*** Information supplied Section Begins ***

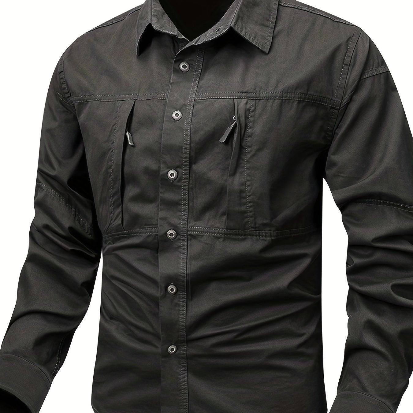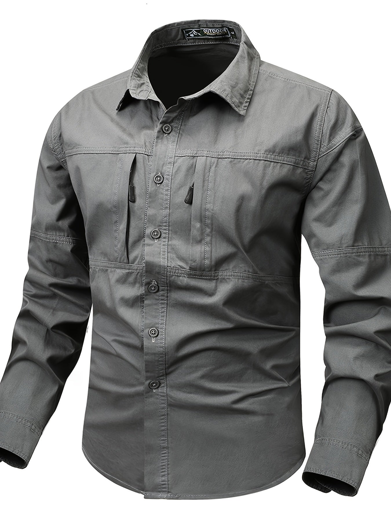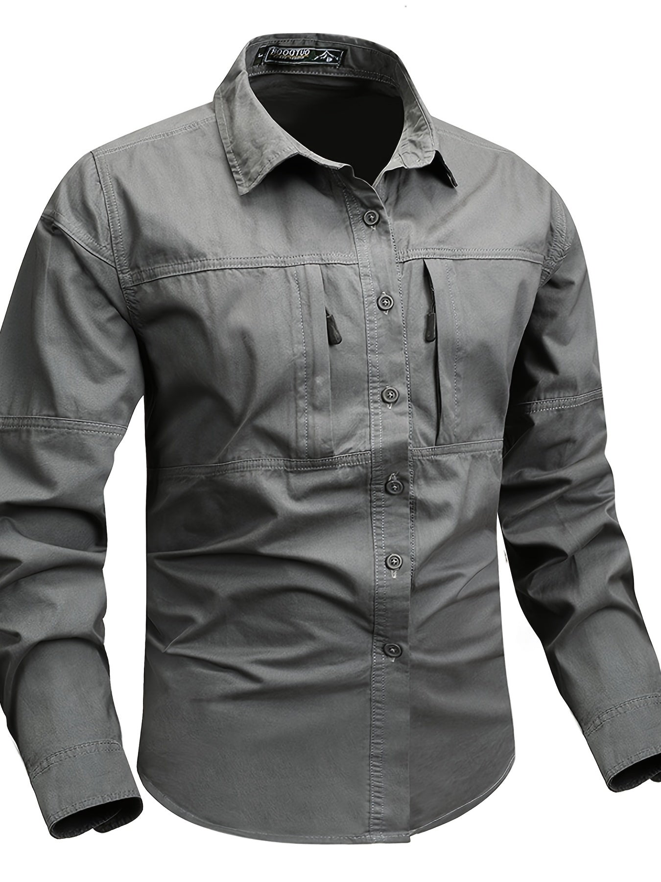 Мужская хлопковая рубашка в стиле кари с застежкой-молнией и лацканом для весны и осени
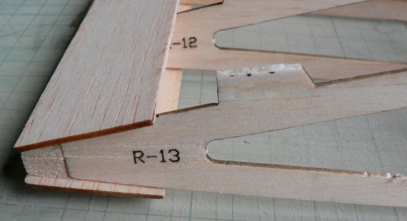 後縁材の接着は平板なので問題なしでしたが上面の前縁材のプランクではつい力をかけすぎてリブの足がかなり折れて大大変。 |
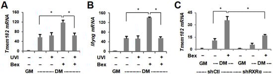 Given that Tmem182 is a bexarotene-responsive gene target, we also assessed the requirement of RXR for Tmem182 expression (Figure 3A,B). To this end, we utilized a known and potent RXR antagonist, UVI3003 [54], in that C2C12 myoblasts were differentiated with bexarotene in the absence or presence of UVI3003. Intriguingly, the RXR antagonist did not considerably affect Tmem182 gene expression in untreated controls but significantly attenuated the enhancement effect of bexarotene on Tmem182 and myogenin expression (Figure 3A,B). Furthermore, since bexarotene enhances myoblast differentiation via the activation of RXRα specifically, we utilized our established RXRα shRNA knock down stable myoblasts for the Tmem182 study [39]. As shown in Figure 4C, the induction of Tmem182 by bexarotene was significantly attenuated in shRXRα stable myoblasts compared with the shRNA control myoblasts (Figure 3C). Interestingly, the loss of RXRα in the absence of bexarotene treatment also decreased Tmem182 expression compared to control myoblasts, suggesting a possible role for unliganded RXR in the expression of Tmem182, as it may disrupt RXR-mediated chromatin modifications at regulatory loci. Taken together, Tmem182 is a target of RXR signaling in the enhancement of myogenic differentiation via RXRα as a transcription factor (Figure 3).

*** Information supplied Section Ends ***

### Goal of the exercise
Output all the data above verbatim, leaving out images.

### Response to this exercise
 Мужская хлопковая рубашка в стиле кари с застежкой-молнией и лацканом для весны и осени
 後縁材の接着は平板なので問題なしでしたが上面の前縁材のプランクではつい力をかけすぎてリブの足がかなり折れて大大変。 |
 Given that Tmem182 is a bexarotene-responsive gene target, we also assessed the requirement of RXR for Tmem182 expression (Figure 3A,B). To this end, we utilized a known and potent RXR antagonist, UVI3003 [54], in that C2C12 myoblasts were differentiated with bexarotene in the absence or presence of UVI3003. Intriguingly, the RXR antagonist did not considerably affect Tmem182 gene expression in untreated controls but significantly attenuated the enhancement effect of bexarotene on Tmem182 and myogenin expression (Figure 3A,B). Furthermore, since bexarotene enhances myoblast differentiation via the activation of RXRα specifically, we utilized our established RXRα shRNA knock down stable myoblasts for the Tmem182 study [39]. As shown in Figure 4C, the induction of Tmem182 by bexarotene was significantly attenuated in shRXRα stable myoblasts compared with the shRNA control myoblasts (Figure 3C). Interestingly, the loss of RXRα in the absence of bexarotene treatment also decreased Tmem182 expression compared to control myoblasts, suggesting a possible role for unliganded RXR in the expression of Tmem182, as it may disrupt RXR-mediated chromatin modifications at regulatory loci. Taken together, Tmem182 is a target of RXR signaling in the enhancement of myogenic differentiation via RXRα as a transcription factor (Figure 3).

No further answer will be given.